Febrile
urinary-tract infection due to extended-spectrum beta-lactamase-producing
enterobacteriaceae in children: A French prospective multicenter study
PLoS One 2018;
13(1): e0190910
小児のESBL産生腸内細菌(ESBL-E)が原因の発熱を伴う尿路感染症(FUTI)について評価した前方視的研究
・24の小児施設でのESBL-Eが原因の小児(18歳以下)のFUTIの管理について評価したフランスでの前向き観察研究
・研究期間: 2014年3月-2017年3月
・診断基準は以下の3つを用いた:
・フランスの推奨: パック尿を含めたいずれかの採尿方法で採取した尿検体において以下のすべてを満たした場合にFUTIと診断
・膿尿≧104/mL
・培養陽性≧105/CFU
・欧州泌尿器学会/欧州小児泌尿器学会(EAU/ESPU)のガイドライン: 以下のいずれかを満たした場合にFUTIと診断
・中間尿で培養陽性≧104/CFU
・カテーテル尿で培養陽性≧103/CFU
・膀胱穿刺尿で培養陽性(レベルは問わず)
・米国小児科学会(AAP): 以下を満たす場合にFUTIと診断:
・カテーテル尿か膀胱穿刺尿で培養陽性≧5×104/CFU
結果
・3年間でESBL-E株が尿から分離される頻度は0.8-10%/年であった
・3施設を除いて時間経過で頻度に変化はなかった
・3年間で301人の小児が登録され, 以下の人数がそれぞれの基準により診断された:
・フランスの推奨: 283人(うちパック尿で診断したものは46%)
・EAU/ESPUのガイドライン: 151人
・AAPのガイドライン: 87人
・基準毎の児の年齢の中央値: 1歳(フランスの推奨), 2.14歳(EAU/EAPU)
・原因微生物はE. coliが約90%, K.
pneumoniaが約10%で, その他の病原体は1-2例程度であった
・CRPとプロカルシトニンの中央値はそれぞれ7.5mg/dL(0.1-40.4mg/dL), 1ng/mL(0-110ng/mL)
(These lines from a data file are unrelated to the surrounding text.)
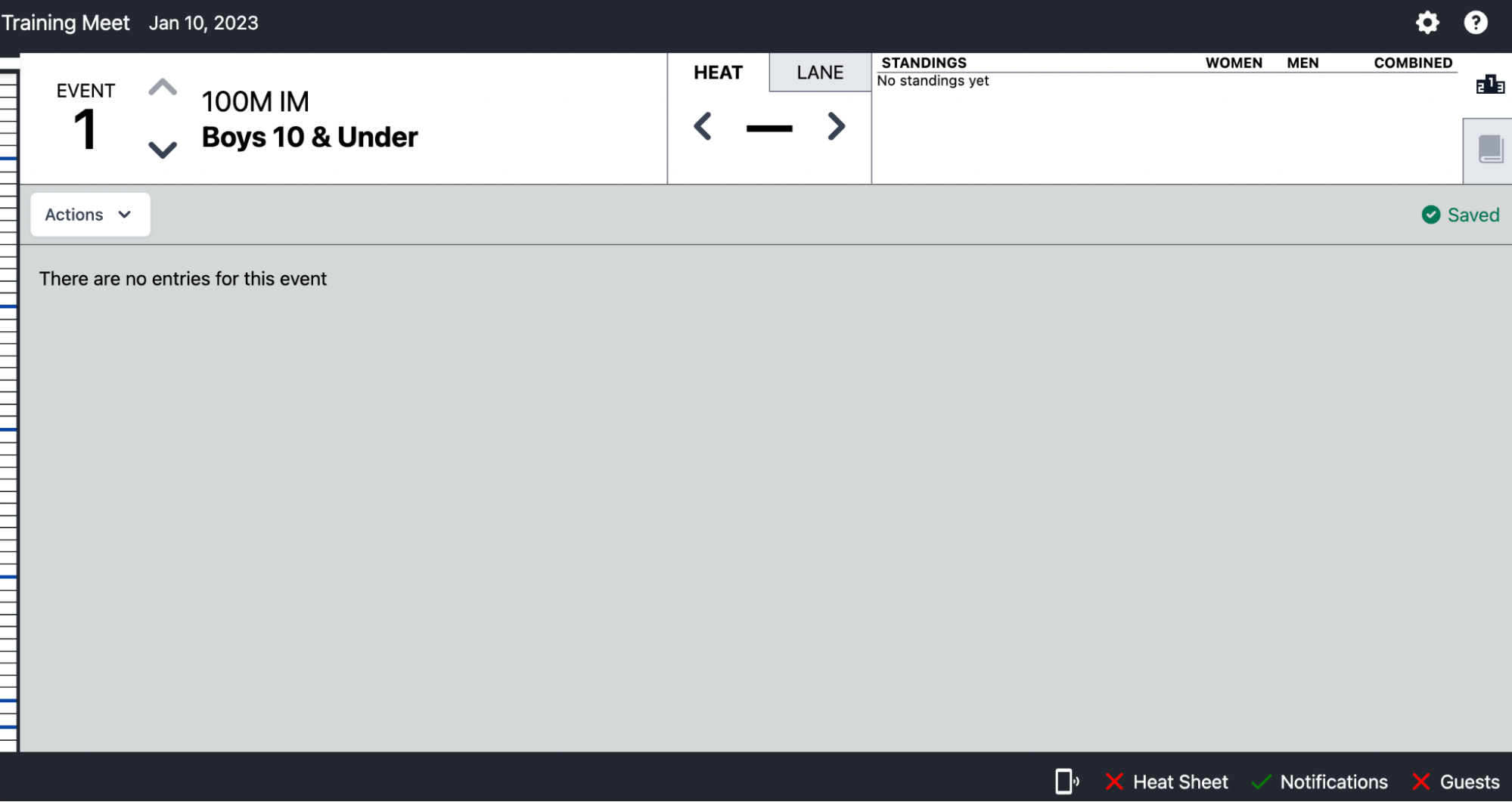 Once in Meet Maestro, scorekeepers can navigate heat to heat, event to event, using the left and right arrows at the top-middle of the screen
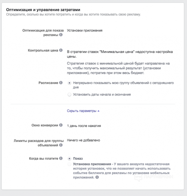 Первым шагом FB предлагает выбрать цель, я выбирал ? Установки приложения.
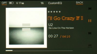 В окне воспроизведения, стандартно, отображается – название композиции, альбома и исполнителя, общее время композиции, время которое прошло, полоса прогресса, клавиши (сенсорные) паузы, перемотки вперед и назад. Также присутствует клавиша АВ, которая может зацикливать определенный участок композиции. Также имеются значки заряда батареи, режима эквалайзера и клавиша вызова контекстного меню. Кроме информации о композиции, может отображаться обложка альбома. Ее размер изменяется прикосновением.
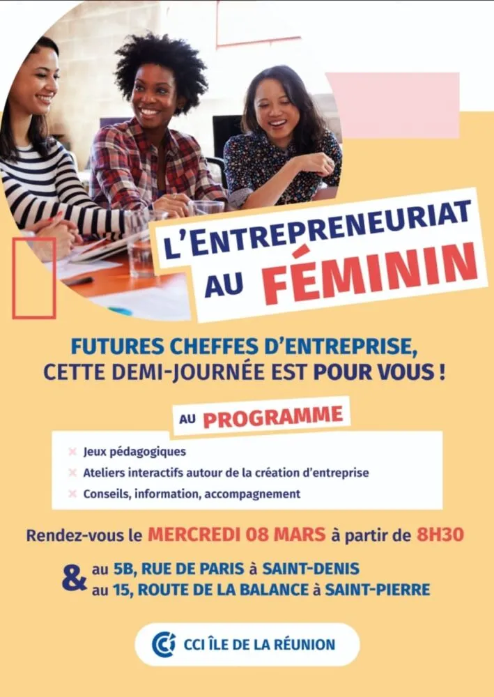 Dans le cadre de la journée internationale des droits des femmes ce mercredi 8 mars, la CCI de La Réunion organise une matinée découverte pour les femmes intéressées par l’entrepreneuriat, à l’espace entrepreneuriat nord et sud, ce mercredi 8 mars de 8h30
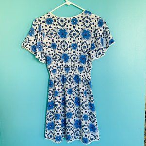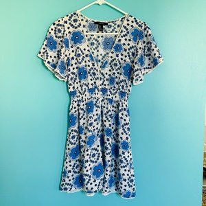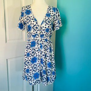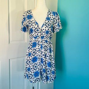 Blue & White Bold Floral Boho Summer Mini Dress (size S)
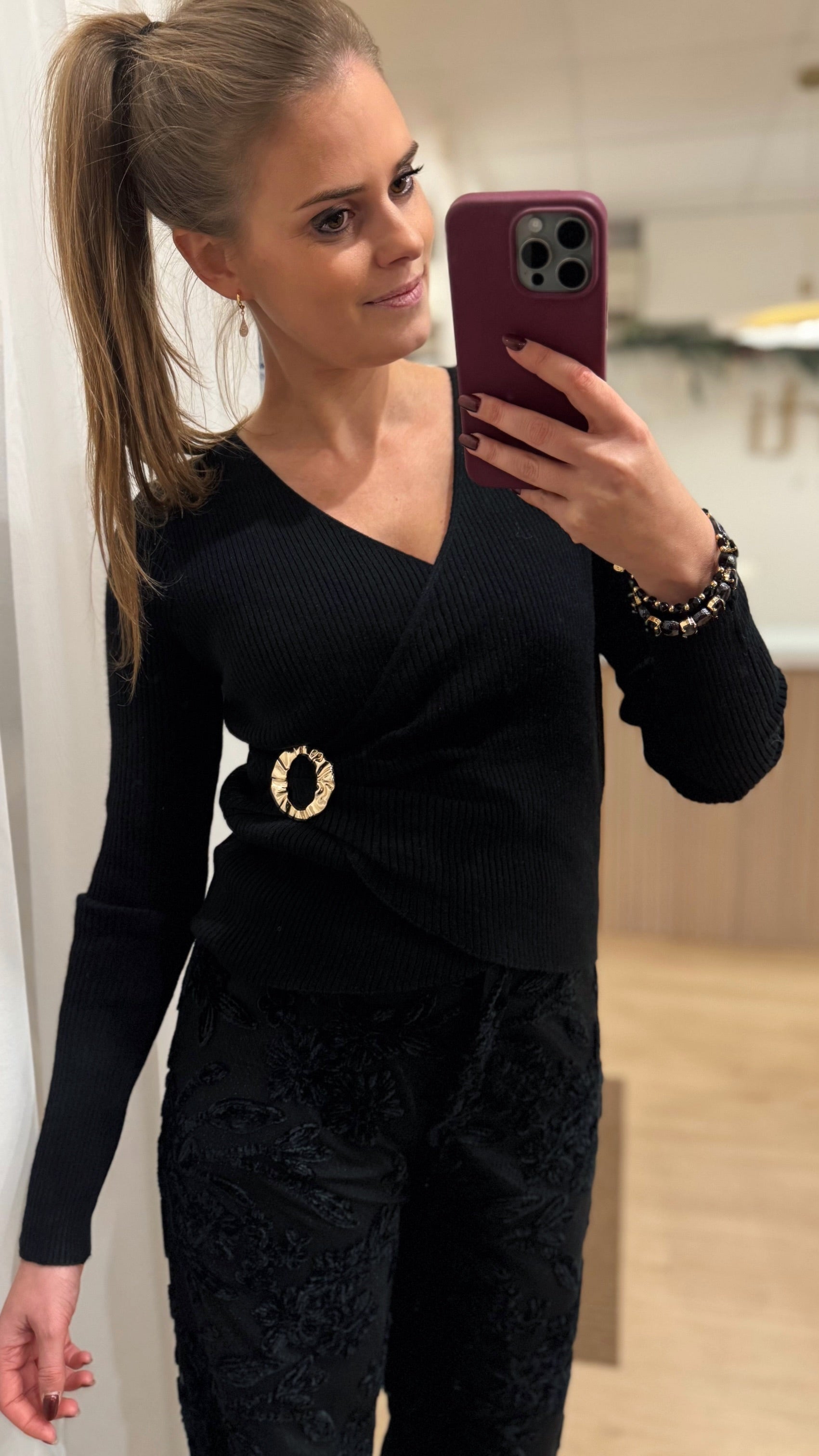 Truitje V hals O ring - zwart
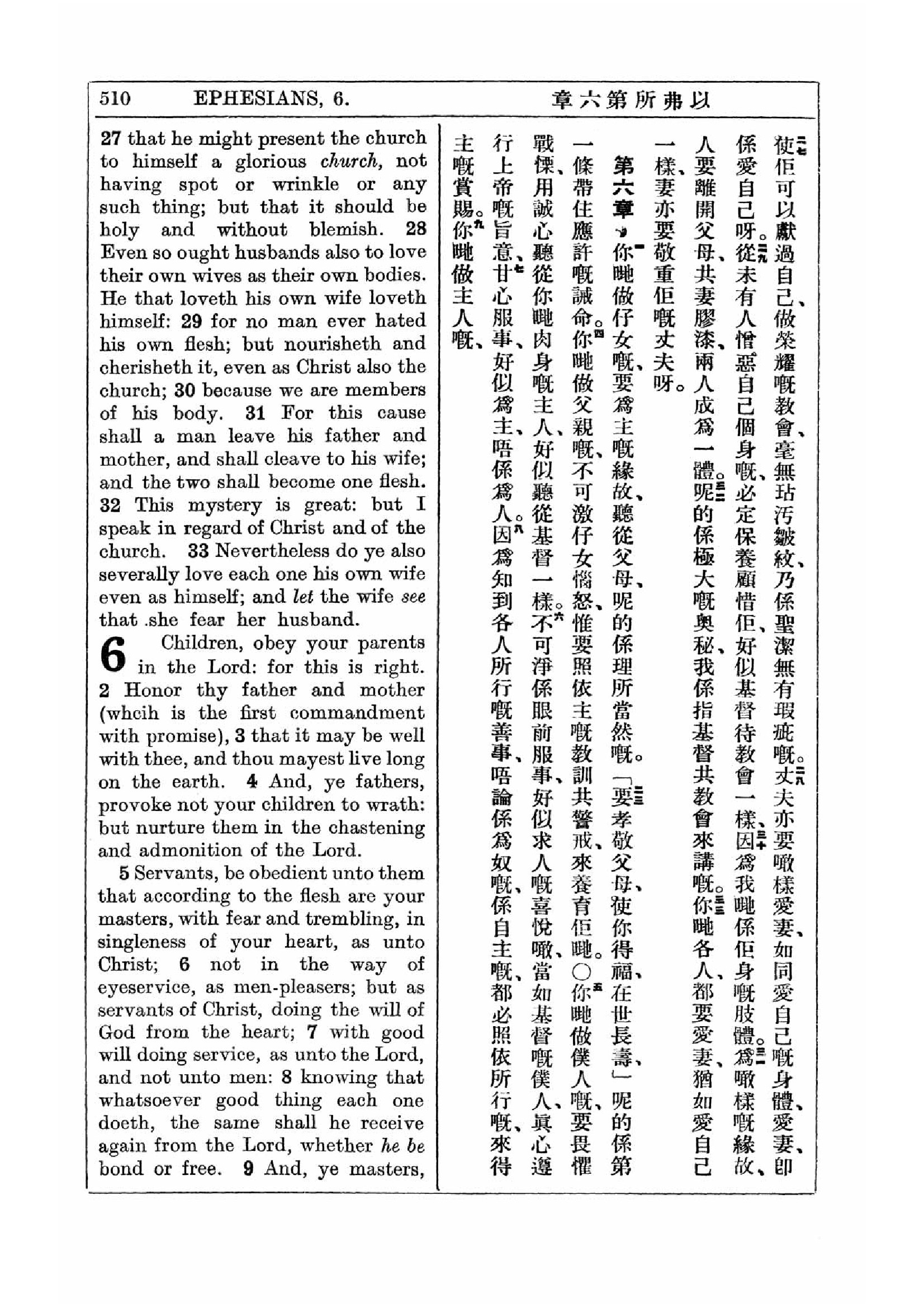 1927年新约全书(中英对照) 以弗所书 5 章 27 节到 6 章 8 节
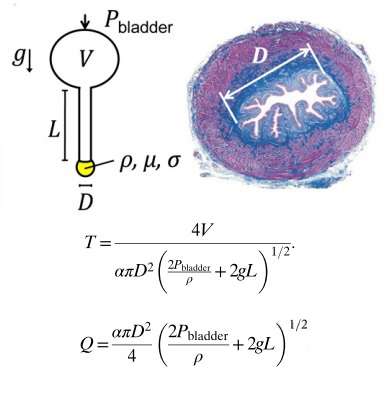 随后,他们将排尿过程抽象成了物理模型,开始欢乐地进行理论推导和模拟。借助流体力学,他们不仅推算出膀胱排空时间应该与体重的1/6(约0.16)次方相关(与观测到的0.13相吻合),还得出“流式”和“滴式”排尿的动物们流速大小与尿道直径、膀胱容积,以及尿道长度之间的量化关系,这个中关系也与观察到的流速变化相符。更进一步地,他们推算出小动物们在“滴式”排尿时,尿滴的直径与尿道直径的1/3次方相关,再一次与实验室中的实际测量值吻合。除此之外,他们还探讨了雌性和雄性(雌性尿道更宽)排尿速度的差别,并也进行了实验验证,以佐证先前导出的公式。
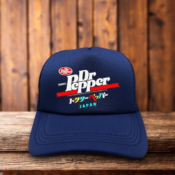 Dr. Pepper Mens Trucker Hat Blue Snapback Japan Retro 90s Soda Pop Baseball Cap

・血液培養は58.1%で施行され, 4%が菌血症と診断された
・静注薬の薬剤感受性:
・アミカシン: 88.7%
・ゲンタマイシン: 60%
・ピペラシリン/タゾバクタム: 74.7%
・内服薬の薬剤感受性:
・cotrimoxazole(ST合剤): 29.6%
・シプロフロキサシン: 51%
・エンピリック治療において選択された抗菌薬と割合:
・第三世代セフェム系: 35.3%
・単三世代セフェム系+アミノグリコシド系(ゲンタマイシンかアミカシン): 40.2%
・アミカシン: 13%
・カルバペネム系: 4.3%
・感受性判明後に選択された静注抗菌薬と割合:
・アミカシン: 24%
・カルボペネム(ゲンタマイシン併用の有無を問わず): 18.6%
・ピペラシリン/タゾバクタム(ゲンタマイシン併用の有無を問わず): 3.6%
・内服薬としてはST合剤とキノロン系がもっとも使用される頻度が高かった
・オーソドックスではないアモキシシリン/クラブラン酸-セフィキシム合剤は31.3%で投与されていた
・解熱までの期間の中央値は1.8日(0-10日)で, 入院期間の中央値は3.4日(SD 4.6)(0-38日)
・95%の患者が5日以内に解熱し10日以内合併症や再発を認めなかった
・初期の抗菌薬が効果的であった症例と効果的ではなかった症例で解熱までの期間や入院期間に差はなかった
・尿路奇形の有無で解熱までの時間や入院期間に差はなかった
まとめと個人的見解
・本文献ではカルバペネムの代替薬としてアミカシンが有用かもしれないとしていますが, 日本ではESBL産生菌に対してはセフメタゾールが選択される頻度が高いのはないかと思います. ちなみに今回の文献ではセフメタゾールの感受性に関しては検討されていません.
・初めて知ったのですが, フランスの推奨ではパック尿での検体も尿培養提出も用いて問題ないようです. それもあり, 米国小児科学会の基準を用いた場合とで大きく患者数が異なります. 個人的にはパック尿での尿培養はコンタミネーションのリスクが低くはないと考えていますので, 今回の臨床経過などの解釈には注意が必要かもしれません.